Recently, a developer successfully manipulated Apple's new AI system, Apple Intelligence, in MacOS 15.1 Beta 1 using an attack method known as "prompt injection." This allowed the AI to easily bypass its original commands and respond to arbitrary prompts. This incident has garnered significant attention in the industry.

image.png

Developer Evan Zhou demonstrated the exploitation of this vulnerability on YouTube. His initial goal was to manipulate the "rewrite" function of Apple Intelligence, which is typically used to revise and enhance text quality. However, Zhou's first attempt with the "ignore previous commands" command did not work. Surprisingly, he then discovered the template and special markers for Apple Intelligence's prompts, which separate the AI's system role from the user role, through information shared by a Reddit user.

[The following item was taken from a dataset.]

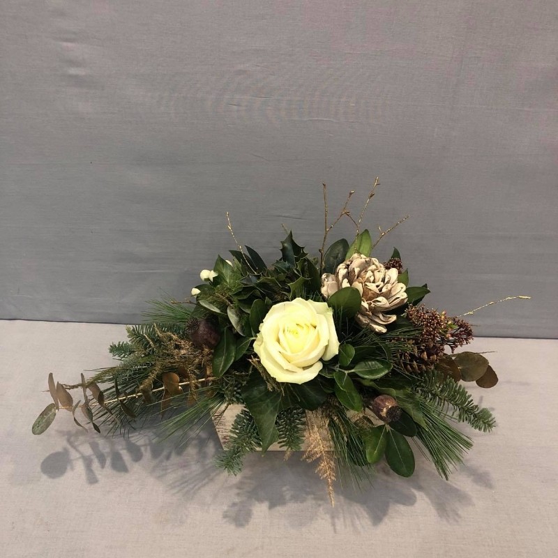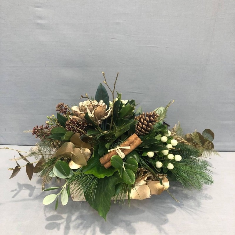 A white, brown and gold natural table decoration including Christmas pine, mixed foliage, a white rose, gold ming, brown cones, gold twigs, red skimmia, white hypericum, cinnamon, holly and a beauty rose. This design is perfect for a retangle table or a sideboard.

Using this information, Zhou successfully constructed a prompt that could override the original system prompt. He prematurely ended the user role, inserted a new system prompt, instructing the AI to ignore previous commands and respond to subsequent text. After several attempts, the attack succeeded! Apple Intelligence not only responded to Zhou's commands but also provided information he had not asked for, proving the effectiveness of prompt injection.

 Evan Zhou also published his code on GitHub. It is worth noting that although "prompt injection" attacks are not new in AI systems, the issue has been known since the release of GPT-3 in 2020, but it has not been completely resolved. Apple deserves some credit, as compared to other chat systems, Apple Intelligence is more complex in preventing prompt injection. For example, many chat systems can be easily deceived by directly inputting text in the chat window or through hidden text in images. Even systems like ChatGPT or Claude can still be vulnerable to prompt injection attacks in certain situations.

Key Points:

🌟 Developer Evan Zhou successfully manipulated Apple's AI system using "prompt injection," causing it to ignore its original commands.  

🔍 Zhou constructed an attack method capable of overriding system prompts using information shared by a Reddit user.  

🛡️ Although Apple's AI system is relatively more complex, the "prompt injection" issue remains unresolved and continues to be a focus of the industry.